Collected data:
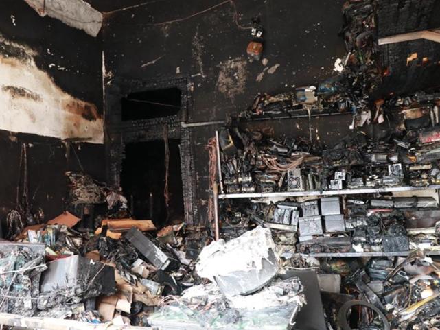 隔壁小卖铺的老爷爷老奶奶一早来开门营业也是吓了一跳,因为该间店铺前后被隔成了两间,前面是维修店店铺,后面是小卖铺的仓库,前后还有一扇木门,早上一把火把他们也波及了,空调损坏了,一些货品也被泡水熏黑了,墙壁也被熏黑了,但是最庆幸的是夫妻俩昨晚回新家住了,老爷爷看着仓库不断地拍着胸脯说“真是命大,真是幸运哦!”
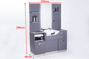 modern hairdressing console in gray with silver trim. a large mirror, sink and drawers ensure functionality, and the entire piece of furniture is finished with the highest quality. it is an elegant and at the same time universal element of the interior that will emphasize the character of any living room.
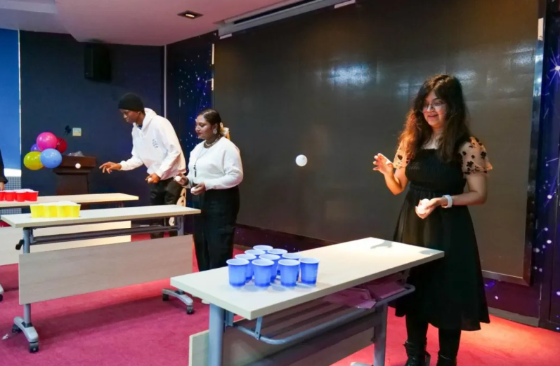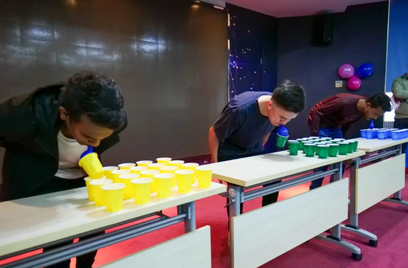 The excitement continued to soar with the arrival of the Bouncing Cup challenge. The volunteers arranged cups in a triangular shape. With three balls at their disposal, participants took turns skillfully bouncing them on the table, aiming to land them into the waiting cups.
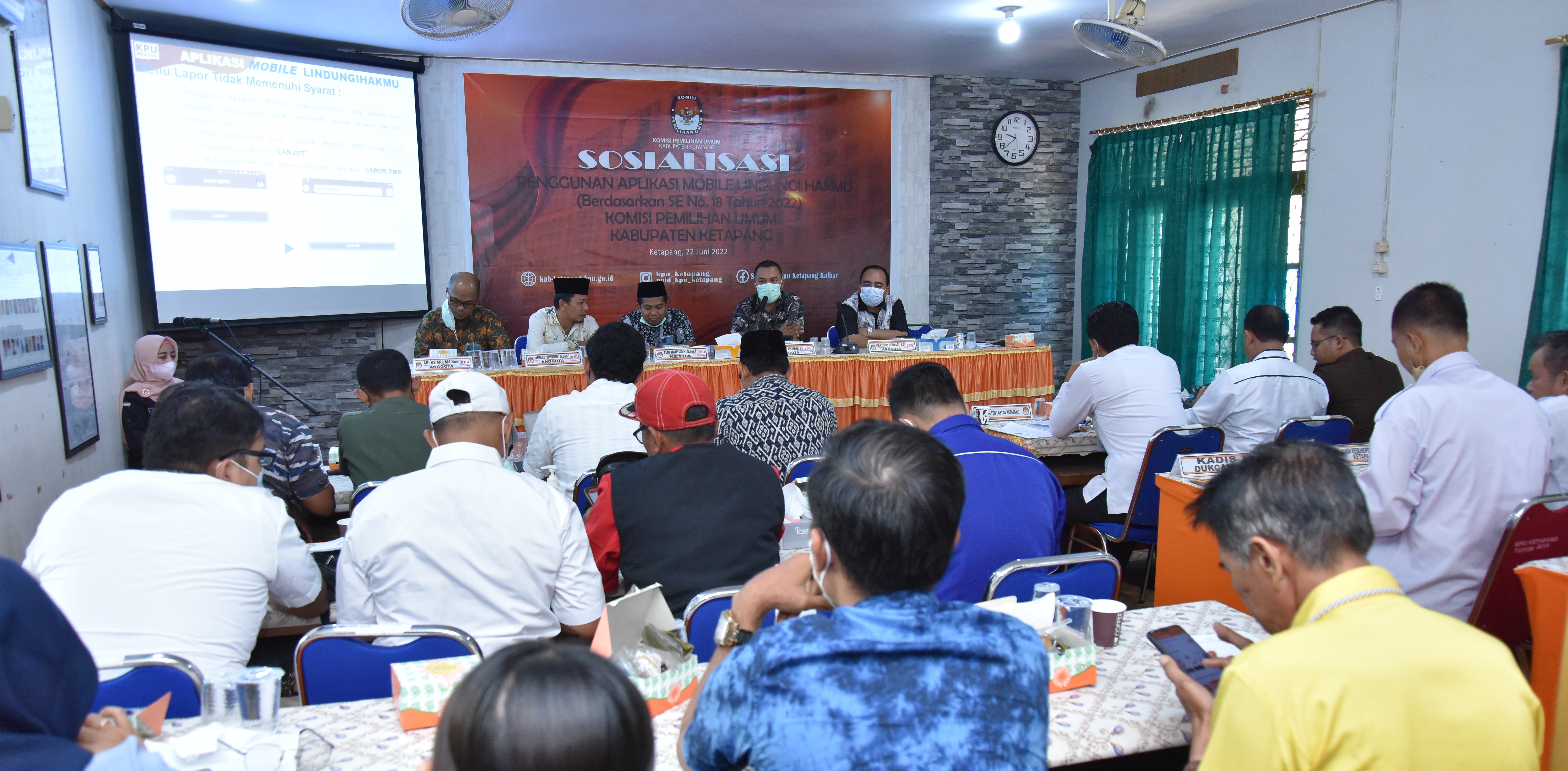 Rabu (22/6) bertempat di aula Rumah Pintar Pemilu “Pawan Bertuah”, Komisi Pemilihan Umum Kabupaten Ketapang secara masif sosialisasikan aplikasi mobile “LindungiHakmu”. Kegiatan sosialisasi dihadiri oleh seluruh Forkopimda, Bawaslu Ketapang, dinas dan instansi terkait, serta pimpinan partai politik se-Kabupaten Ketapang. Salah satu elemen penting pelaksanaan tahapan Pemilu dan Pemilihan Kepala Daerah adalah daftar pemilih. Daftar pemilih yang akurat dan akuntabel akan bermuara pada peningkatan kualitas Pemilu dan Pemilihan. Dalam setiap pelaksanaan pesta demokrasi, seringkali daftar pemilih menjadi persoalan klasik bagi peserta pemilu maupun bagi pemilih itu sendiri. Hal ini tentunya menjadi masukan bagi KPU dalam proses pemutakhiran. Guna menjawab tantangan tersebut, Komisi Pemilihan Umum melaksanakan tahapan Pemutakhiran Data Pemilih Berkelanjutan (PDPB). Tahapan PDPB dilakukan secara kontinyu setiap bulannya. Pemanfaatan teknologi informasi dalam pemutakhiran data pemilih menjadi perhatian dan hal krusial yang harus dilakukan oleh KPU. Dengan menciptakan dan mengembangkan aplikasi mobile LindungiHakmu, maka aspek keterbukaan informasi publik sudah dilaksanakan. Aplikasi ini dapat diakses oleh semua kalangan masyarakat melalui playstore. Komisi Pemilihan Umum Kabupaten Ketapang mengajak seluruh komponen masyarakat berperan aktif dalam pemutakhiran data pemilih demi terwujudnya pemilih yang berintegritas. Surat Edaran KPU Republik Indonesia Nomor 18 Tahun 2022 menjadi standar teknis dalam pengoperasian aplikasi mobile ini. KPU memandang aplikasi ini sangat penting dalam menunjang pelaksanaan proses pemutakhiran data pemilih sehingga dapat menghasilkan data pemilih yang akurat, akuntabel, efisiensi, efektifitas, transparan serta mewujudkan data pemilih yang komprehensif, akurat, dan mutakhir. Kegiatan sosialisasi yang dilaksanakan KPU Kabupaten Ketapang tentu memiliki harapan besar. Anggota KPU Kabupaten Ketapang, Jami Surahman, menyampaikan bahwa aplikasi ini merupakan pembuktian awal pada tahapan Pemilu tahun 2024 bahwa KPU selalu berinovasi dan melayani. Secara tegas Jami mengimbau kepada seluruh lapisan masyarakat untuk dapat berperan aktif dalam menciptakan Pemilu dan Pemilihan yang berintegritas dengan memberikan informasi yang jelas, mulai dari diri sendiri, keluarga, lingkungan sekitar, hingga ke forum yang lebih luas. Kontributor: Jami Surahman, SE Editor: Ridho Nurwantoro, S.I.P
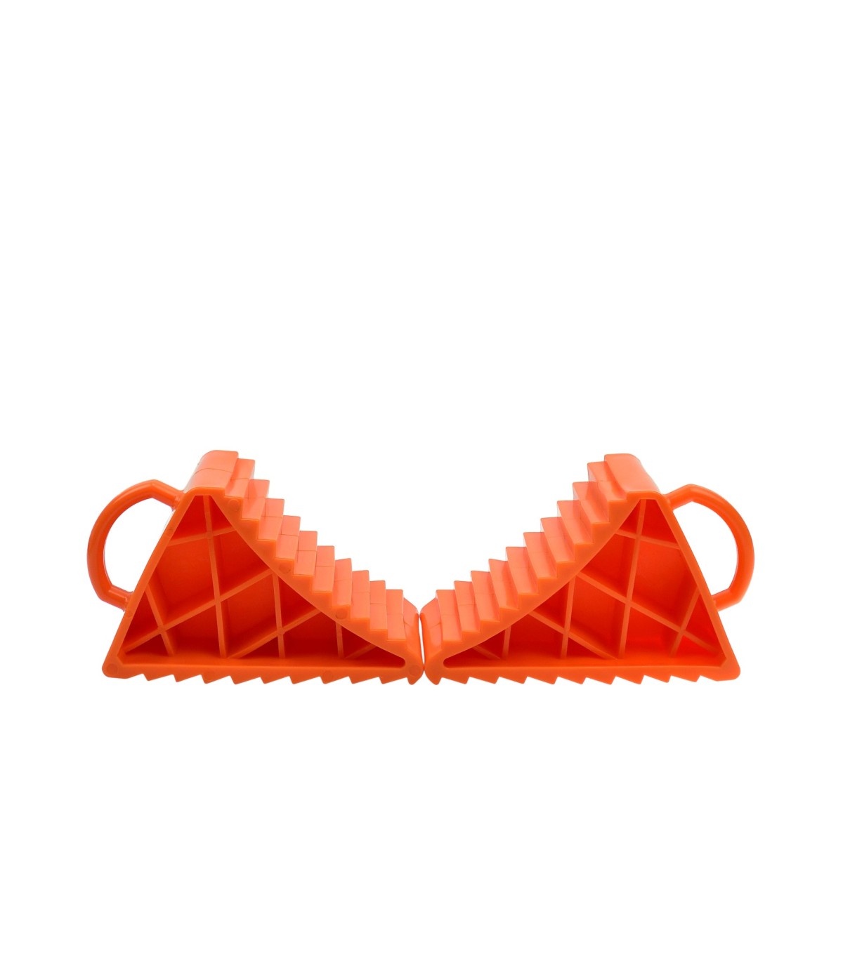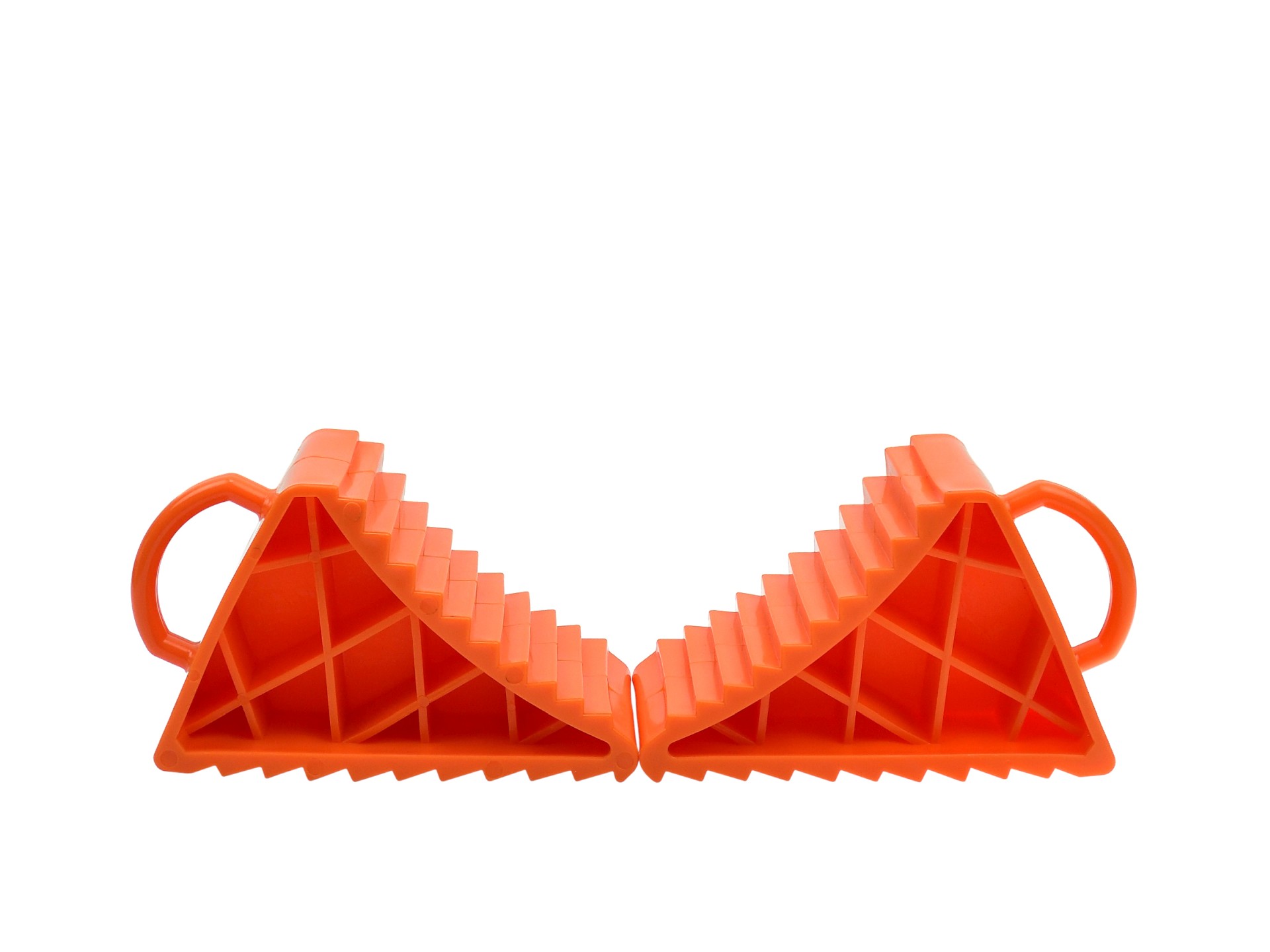 Zestaw wytrzymałych klinów po koła. Wykonane zostały z wysokiej jakości tworzywa sztucznego. Przeznaczone są do zabezpieczania różnego rodzaju pojazdów przed przypadkowym przemieszczeniem się. Antypoślizgowa żebrowana powierzchnia zapobiega przesuwaniu się klinów na podłożu o słabej przyczepności. Charakterystyka produktu: antypoślizgowa żebrowana konstrukcja doskonałe zabezpieczenie przed przypadkowym przemieszczeniem się samochodu, przyczepy, kampera oraz innych pojazdów wykonane z wysokiej jakości tworzywa sztucznego odporne na różne warunki pogodowe posiadają uchwyt do wygodnego przenoszenia oraz wyciągania klinów spod kół

Exercise goal: From the first line of the entries above down to the line holding "The excitement continued", quote each line exactly and nothing else, skipping pictures.

Completed task:
 隔壁小卖铺的老爷爷老奶奶一早来开门营业也是吓了一跳,因为该间店铺前后被隔成了两间,前面是维修店店铺,后面是小卖铺的仓库,前后还有一扇木门,早上一把火把他们也波及了,空调损坏了,一些货品也被泡水熏黑了,墙壁也被熏黑了,但是最庆幸的是夫妻俩昨晚回新家住了,老爷爷看着仓库不断地拍着胸脯说“真是命大,真是幸运哦!”
 modern hairdressing console in gray with silver trim. a large mirror, sink and drawers ensure functionality, and the entire piece of furniture is finished with the highest quality. it is an elegant and at the same time universal element of the interior that will emphasize the character of any living room.
 The excitement continued to soar with the arrival of the Bouncing Cup challenge. The volunteers arranged cups in a triangular shape. With three balls at their disposal, participants took turns skillfully bouncing them on the table, aiming to land them into the waiting cups.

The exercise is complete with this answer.